Когда работа не удавалась, Матисс, как обычно, впадал в отчаяние и рвался уничтожить холст («Ты знаешь это его состояние», – писала Амели Маргерит после нескольких дней подобного матиссовского самоедства). В такие минуты Матисс» жить с которым и всегда было нелегко, становился просто невыносимым, особенно в тесной двухкомнатной квартирке, где негде было разойтись (если жена убирала в мастерской, он постоянно зудел рядом как назойливая муха или нарочито громко играл на скрипке). К счастью для Амели, ей приходилось выносить это нечасто. Ее приезды постоянно откладывались – то из-за нездоровья Маргерит, то из-за ее собственного, а если жена ненадолго появлялась, то неизменно заставала мужа полностью поглощенным проблемами изображения обнаженной натуры. «Большая обнаженная, пережив различные трагические периоды (périodes tragiques), наконец обрела спокойствие и безмятежность, и я уже боюсь ее новых изменений, – язвительно замечала Амели в письме Маргерит. – Если бы кто-нибудь спросил мое мнение, я бы заверила, что ее нужно оставить такой, как сейчас». Матисс был настолько погружен в работу, что жизнь за пределами мастерской казалась ему все менее и менее реальной. Он предоставил Амели одной разбираться с семейными делами в Боэне после смерти матери, а когда в ноябре 1922 года в Аяччо внезапно умер ее отец, даже не счел возможным оторваться от работы, чтобы присутствовать на похоронах любимого тестя.

Он ждал новостей из дома, звал жену и скучал по ней. Но всякий раз планы вернуться в Париж, чтобы повидаться с семьей или появиться на ежегодной персональной выставке в галерее Бернхем-Жён, срывались. В результате он пропустил пять выставок подряд. Картины, которые он отправлял в Париж (в основном фрукты, цветы и обнаженные в интерьерах), создавали впечатление легкости и комфорта – именно так их и воспринимали зрители до конца его жизни и еще много лет спустя. Но самому художнику этот «новый старт» в Ницце дался гораздо мучительнее, чем его трудное «начало пути» тридцатилетней давности. Чем щедрее вознаграждала его живопись, тем унылее становилось его существование в «нерабочее время»; для компании он даже купил себе пару красных рыбок. Матисс писал весь день, с трудом заставляя себя прерваться на скромный ланч, состоявший из холодной ветчины или крутых яиц, и одинокий обед в соседнем кафе. Вечерами он писал письма. В первую зиму житья на площади Шарль-Феликс в Ницце установилась необычайно холодная погода, и в начале декабря выпало много снега. Матисс купил деревянные сабо и попросил прислать из дома одеяла и пальто. Он мерз по ночам, но все равно прекращал топить печь из опасения, что пришедшая утром натурщица может отравиться угарным газом.

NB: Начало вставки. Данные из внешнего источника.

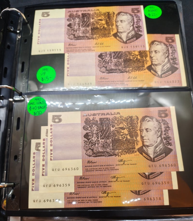 FOLDERED COLLECTION OF AUSTRALIAN BANK NOTES ACACIA RIDGE 584448+39
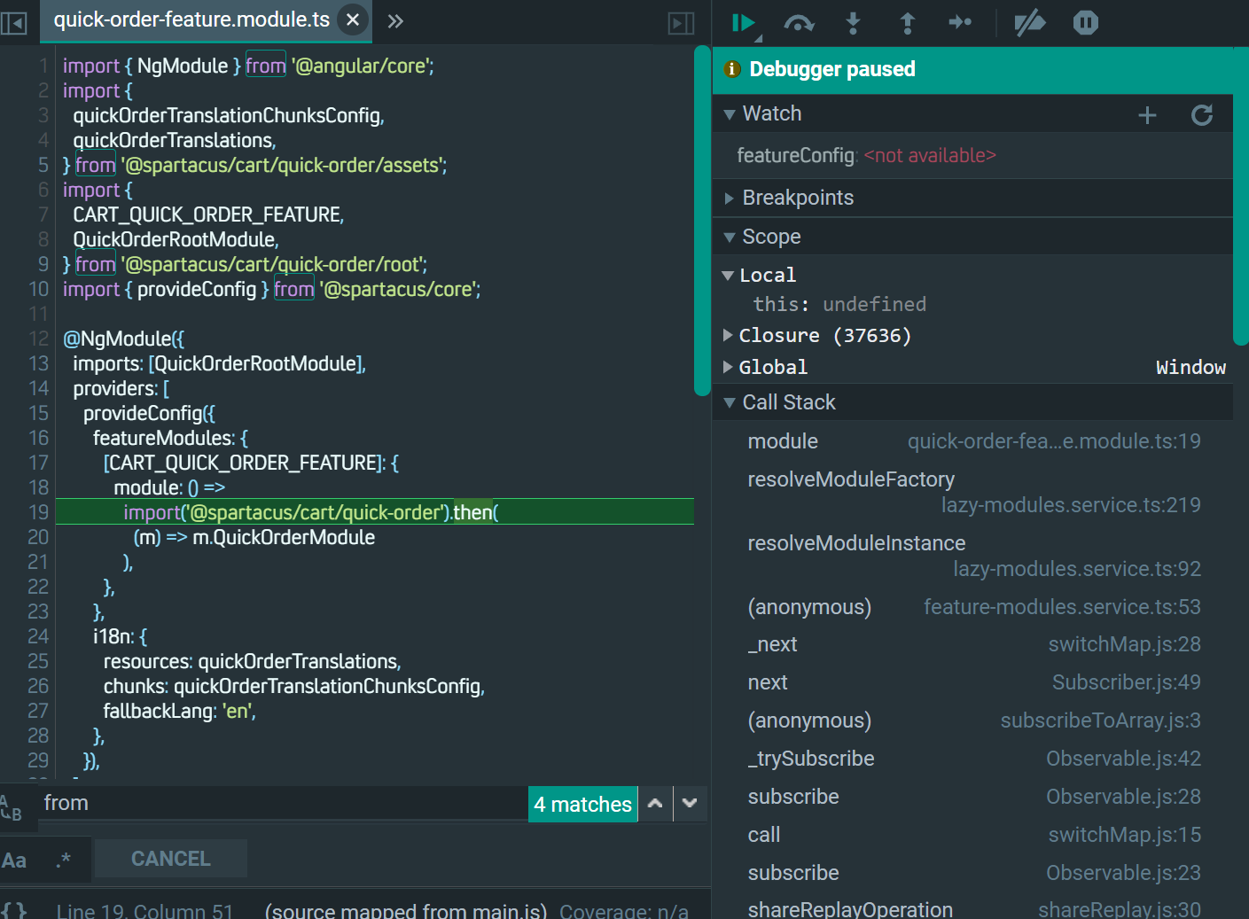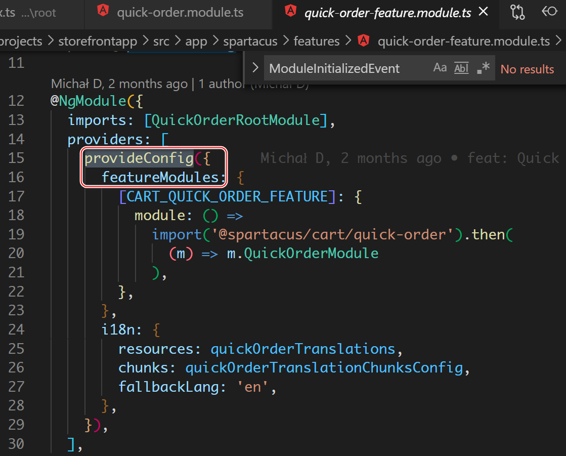 这个 json 对象是 Spartacus 代码里通过 provideConfig 注入到配置对象 config 中的,字段名称为 featureModules:

Он был настолько поглощен живописью, что годами не замечал Рождества («Для меня это был день, подобный другим») и почти не обращал внимания на свои дни рождения («Через двадцать четыре часа мне исполнится пятьдесят два, – сделал он взволнованную приписку к письму Маргерит 30 декабря 1921 года, – уже пятьдесят два!!!»). Иногда он все-таки выкраивал время, чтобы побыть на праздновании Нового года, которое устраивали молодые Ренуары, но чаще даже в такие вечера ужинал один, писал письма и рано ложился спать. Одним холодным зимним вечером он нарисовал себя похожим на «волшебника в отставке» – в полосатом шерстяном халате, клетчатых войлочных тапочках, со свисающими с носа очками и в нелепом, похожем на колбасу ночном колпаке из кроличьего Меха, в котором его не узнают даже собственные рыбки.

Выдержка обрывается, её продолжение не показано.